What is expected:
In the material below, find the line that contains "GLOCK 44V Striker" and the line that contains "Перед началом пресс-конференции", then write out exactly those two lines and everything between them.

Input material:
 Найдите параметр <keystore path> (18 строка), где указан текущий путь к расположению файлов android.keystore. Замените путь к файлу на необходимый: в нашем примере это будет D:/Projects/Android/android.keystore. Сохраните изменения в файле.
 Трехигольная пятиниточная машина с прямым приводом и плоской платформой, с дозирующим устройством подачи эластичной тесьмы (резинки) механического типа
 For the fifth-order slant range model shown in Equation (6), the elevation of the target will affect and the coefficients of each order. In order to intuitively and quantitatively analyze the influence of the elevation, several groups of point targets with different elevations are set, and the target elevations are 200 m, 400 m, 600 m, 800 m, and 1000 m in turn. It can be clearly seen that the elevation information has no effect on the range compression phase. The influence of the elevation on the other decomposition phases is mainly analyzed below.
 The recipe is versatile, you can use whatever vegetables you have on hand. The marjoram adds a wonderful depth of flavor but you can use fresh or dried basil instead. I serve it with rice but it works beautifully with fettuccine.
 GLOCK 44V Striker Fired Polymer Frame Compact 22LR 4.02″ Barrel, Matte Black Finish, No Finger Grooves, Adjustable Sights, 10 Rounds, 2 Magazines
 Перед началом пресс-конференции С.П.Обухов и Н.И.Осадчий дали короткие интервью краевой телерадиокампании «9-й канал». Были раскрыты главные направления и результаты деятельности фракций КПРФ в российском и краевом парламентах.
--
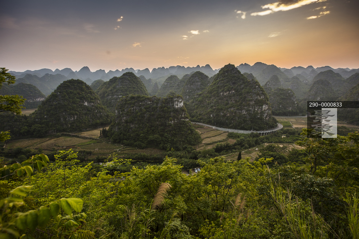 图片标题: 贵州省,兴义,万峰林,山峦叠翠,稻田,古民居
* * *
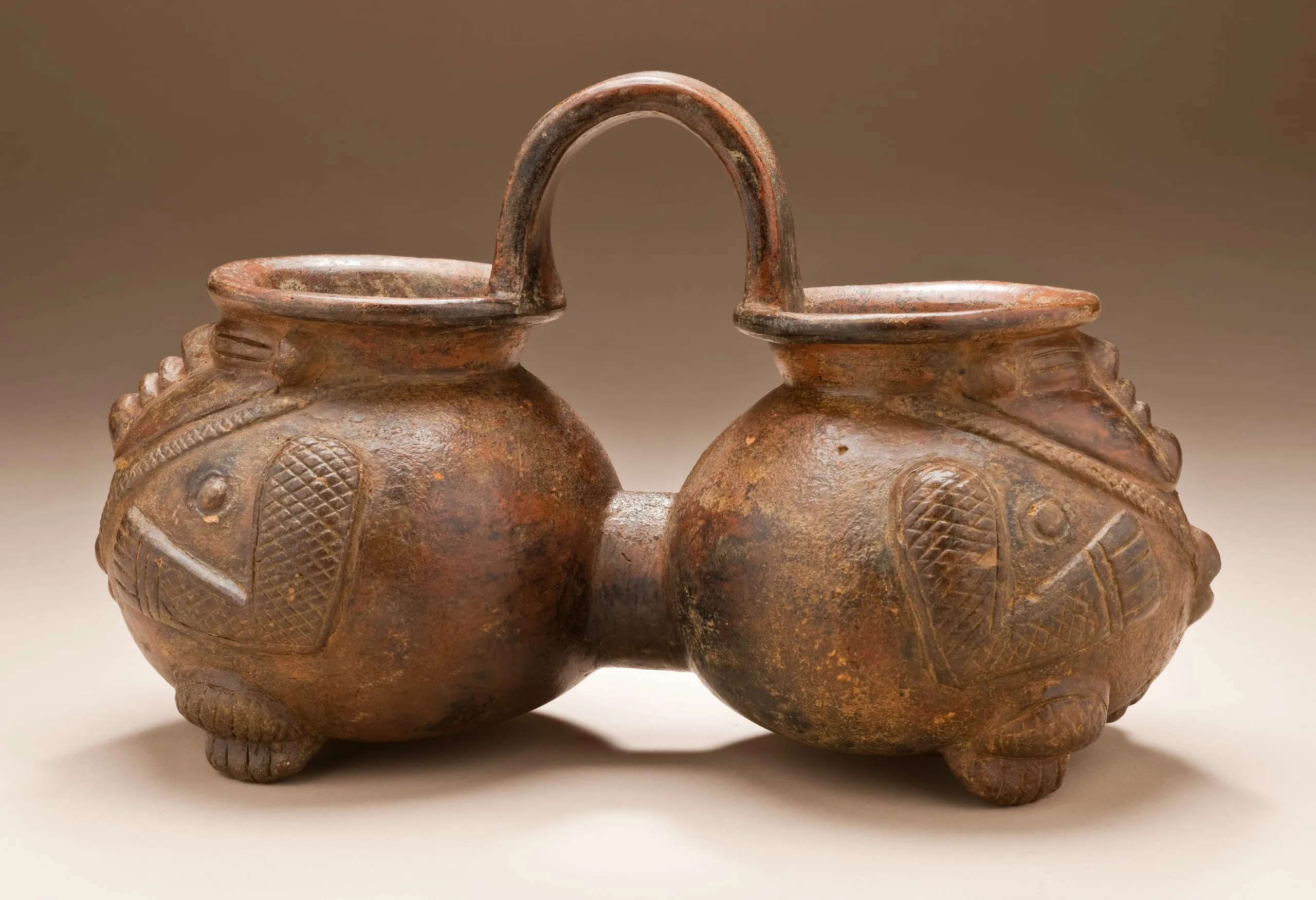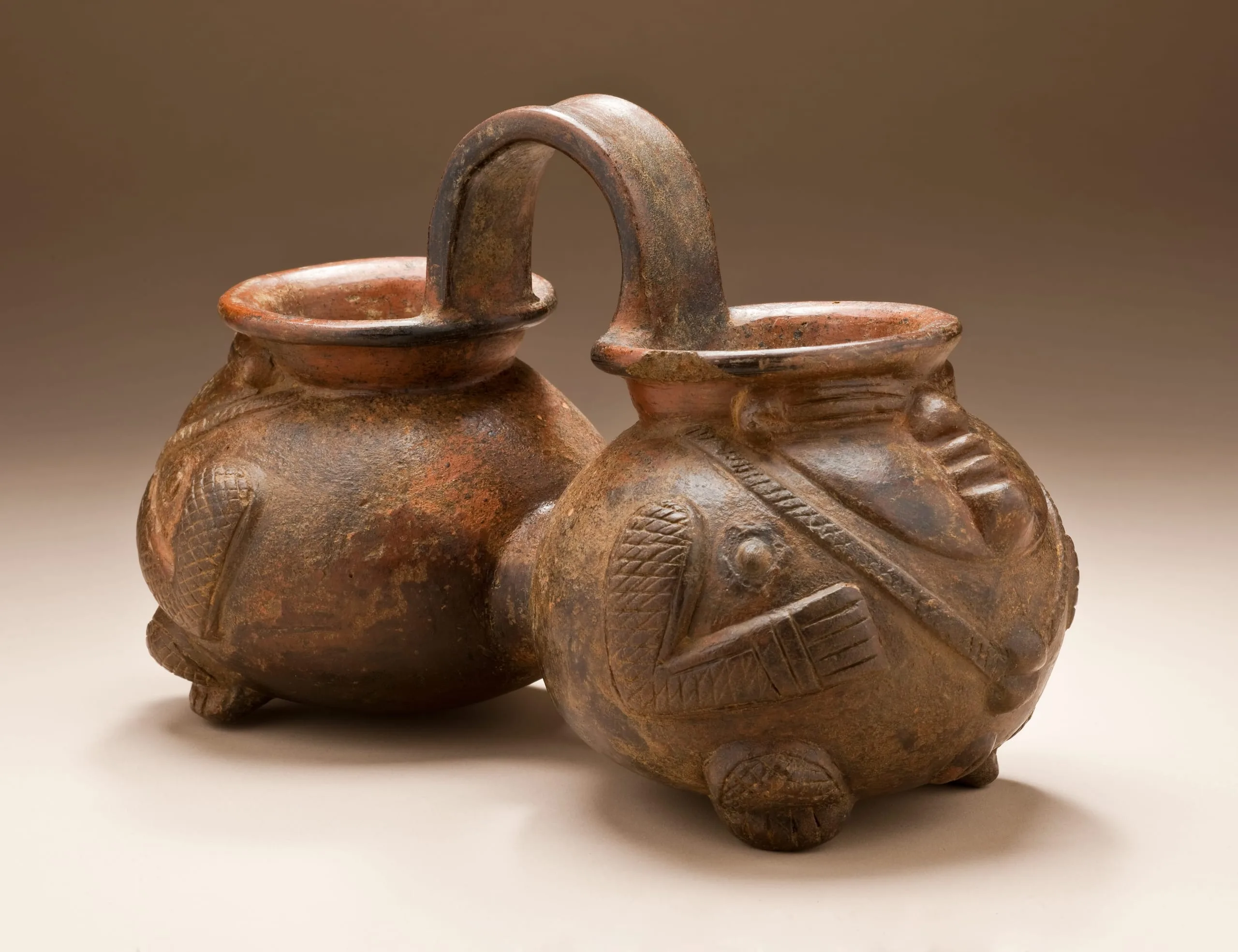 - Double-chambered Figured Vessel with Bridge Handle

Finished task:
 GLOCK 44V Striker Fired Polymer Frame Compact 22LR 4.02″ Barrel, Matte Black Finish, No Finger Grooves, Adjustable Sights, 10 Rounds, 2 Magazines
 Перед началом пресс-конференции С.П.Обухов и Н.И.Осадчий дали короткие интервью краевой телерадиокампании «9-й канал». Были раскрыты главные направления и результаты деятельности фракций КПРФ в российском и краевом парламентах.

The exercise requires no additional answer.